*Provided data*
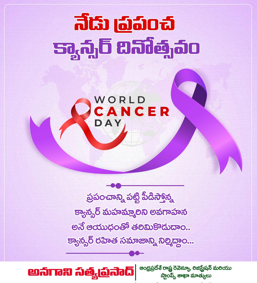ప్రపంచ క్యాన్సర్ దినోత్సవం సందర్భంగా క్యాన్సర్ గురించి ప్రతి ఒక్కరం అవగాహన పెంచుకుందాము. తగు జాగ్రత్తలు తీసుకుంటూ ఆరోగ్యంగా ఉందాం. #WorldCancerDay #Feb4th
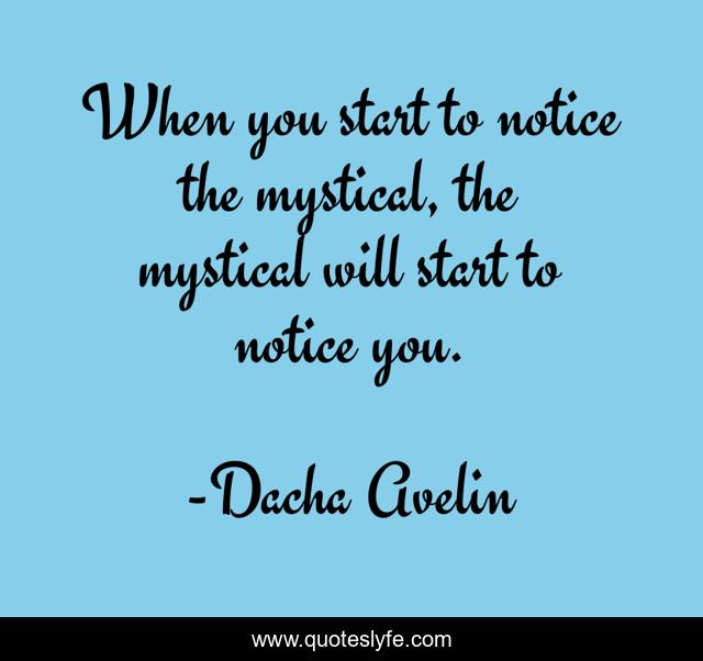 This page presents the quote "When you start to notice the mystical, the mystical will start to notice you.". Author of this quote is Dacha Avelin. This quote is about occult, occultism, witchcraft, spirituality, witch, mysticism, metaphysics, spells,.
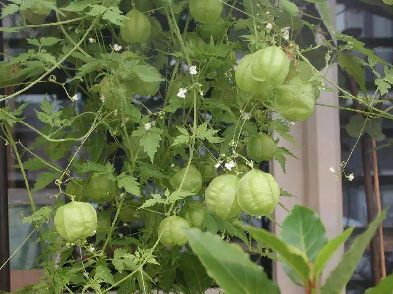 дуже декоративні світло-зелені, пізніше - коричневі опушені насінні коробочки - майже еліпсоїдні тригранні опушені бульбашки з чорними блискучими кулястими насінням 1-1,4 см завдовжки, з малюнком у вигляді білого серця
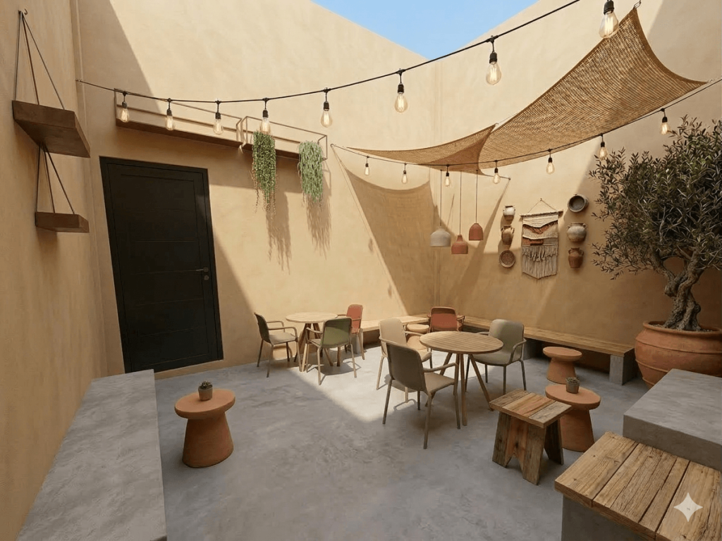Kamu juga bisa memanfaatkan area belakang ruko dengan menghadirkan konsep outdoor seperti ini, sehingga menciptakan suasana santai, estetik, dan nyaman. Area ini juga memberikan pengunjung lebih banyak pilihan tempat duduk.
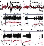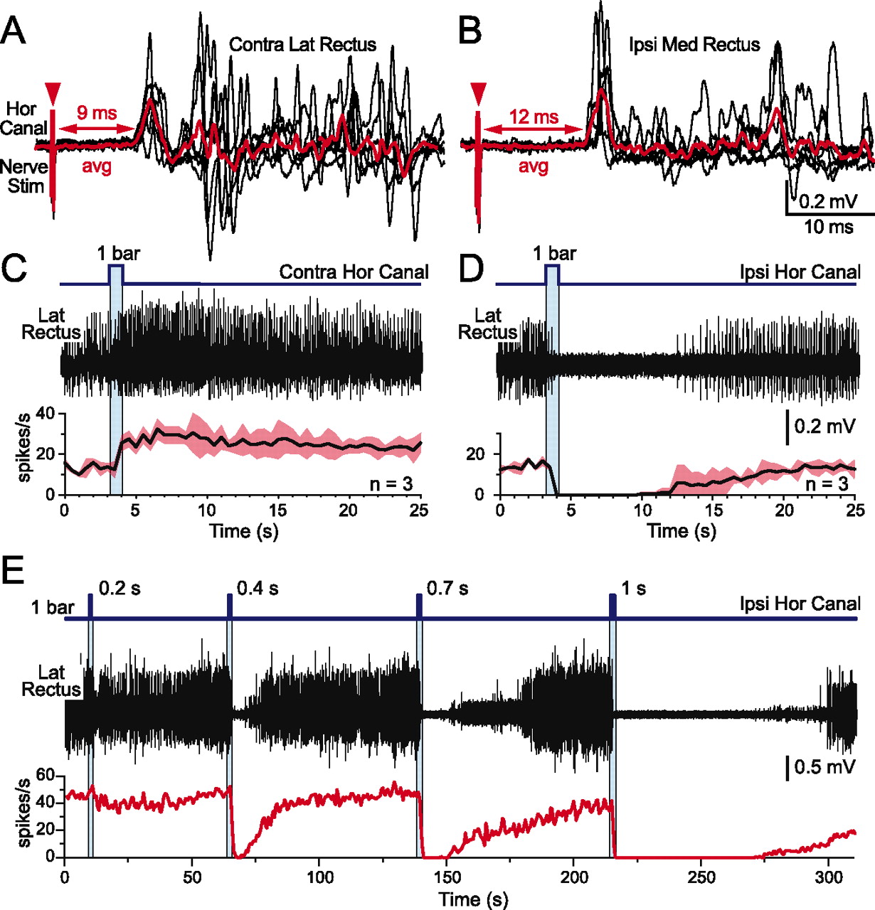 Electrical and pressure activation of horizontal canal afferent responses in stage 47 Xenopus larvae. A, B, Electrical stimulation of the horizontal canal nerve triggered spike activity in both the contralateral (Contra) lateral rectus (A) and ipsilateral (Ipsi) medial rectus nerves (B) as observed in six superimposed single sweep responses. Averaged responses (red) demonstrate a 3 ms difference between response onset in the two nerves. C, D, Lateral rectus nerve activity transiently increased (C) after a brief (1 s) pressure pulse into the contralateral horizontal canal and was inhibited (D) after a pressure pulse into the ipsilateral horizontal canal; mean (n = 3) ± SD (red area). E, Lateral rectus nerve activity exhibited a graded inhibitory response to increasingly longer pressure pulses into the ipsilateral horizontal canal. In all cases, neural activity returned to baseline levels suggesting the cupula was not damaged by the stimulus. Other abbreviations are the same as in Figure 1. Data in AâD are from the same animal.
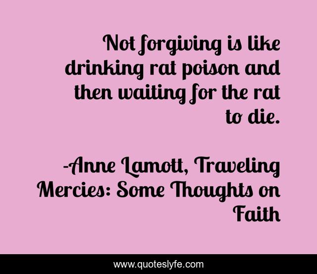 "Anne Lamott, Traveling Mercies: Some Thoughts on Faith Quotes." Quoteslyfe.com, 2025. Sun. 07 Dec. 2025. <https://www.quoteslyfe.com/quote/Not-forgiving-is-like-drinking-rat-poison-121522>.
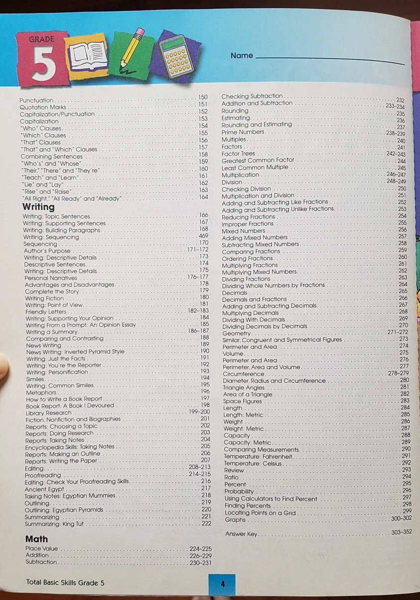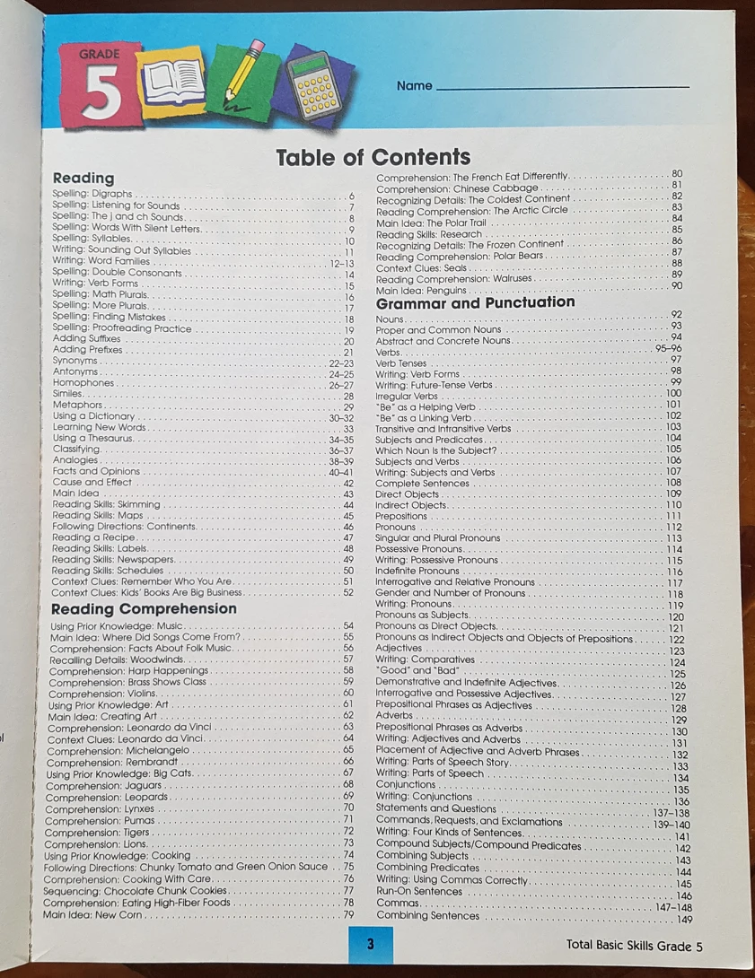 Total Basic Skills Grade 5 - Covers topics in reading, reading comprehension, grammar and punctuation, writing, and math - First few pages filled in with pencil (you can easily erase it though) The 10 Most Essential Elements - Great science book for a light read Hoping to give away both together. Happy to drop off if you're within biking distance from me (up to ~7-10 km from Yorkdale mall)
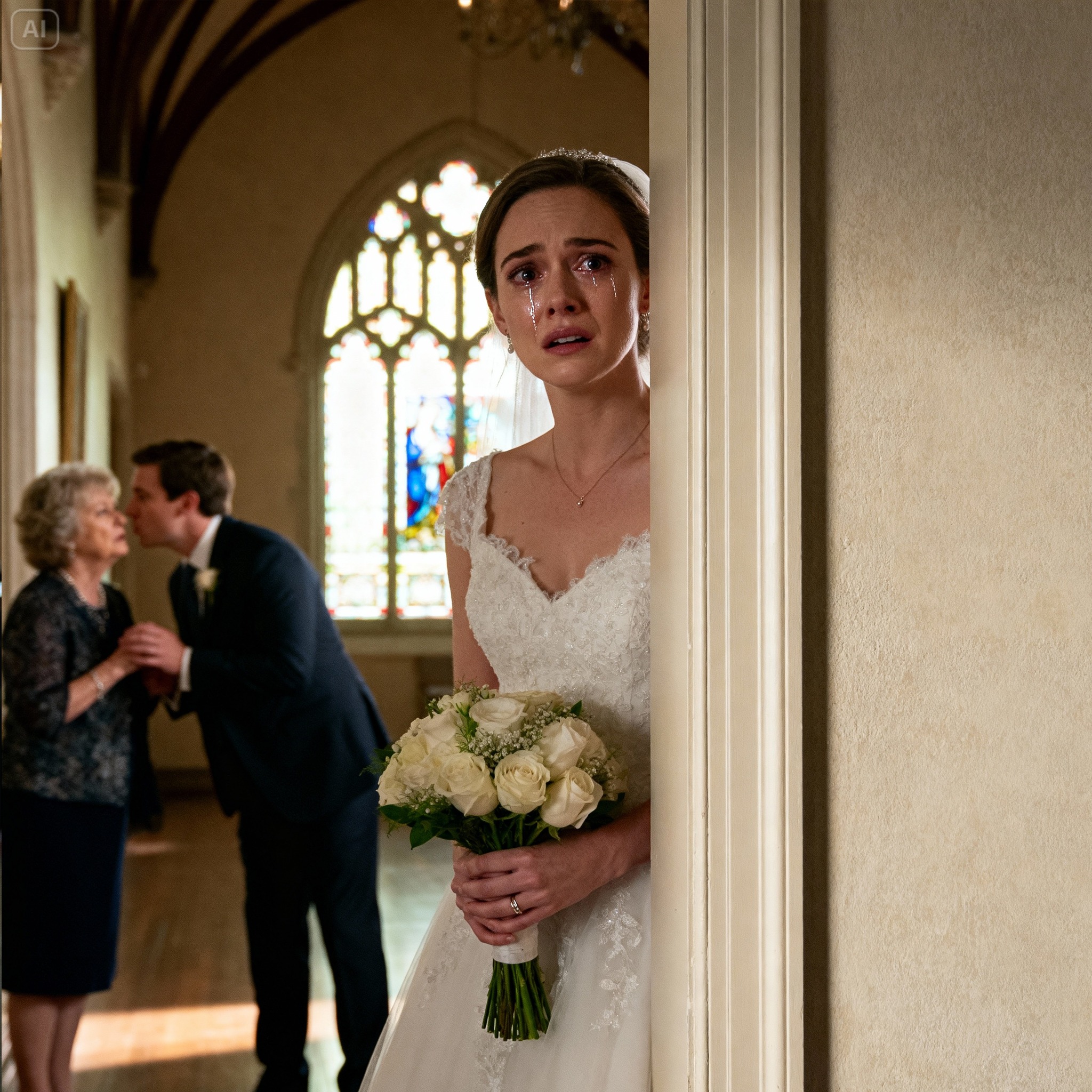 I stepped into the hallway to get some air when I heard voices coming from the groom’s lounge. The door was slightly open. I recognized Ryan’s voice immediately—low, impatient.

*Problem description*
Leaving out the pictures, please transcribe exactly the lines from the one that holds "Traveling Mercies: Some" through the last line of the entries above, both included.

*Answer box*
 "Anne Lamott, Traveling Mercies: Some Thoughts on Faith Quotes." Quoteslyfe.com, 2025. Sun. 07 Dec. 2025. <https://www.quoteslyfe.com/quote/Not-forgiving-is-like-drinking-rat-poison-121522>.
 Total Basic Skills Grade 5 - Covers topics in reading, reading comprehension, grammar and punctuation, writing, and math - First few pages filled in with pencil (you can easily erase it though) The 10 Most Essential Elements - Great science book for a light read Hoping to give away both together. Happy to drop off if you're within biking distance from me (up to ~7-10 km from Yorkdale mall)
 I stepped into the hallway to get some air when I heard voices coming from the groom’s lounge. The door was slightly open. I recognized Ryan’s voice immediately—low, impatient.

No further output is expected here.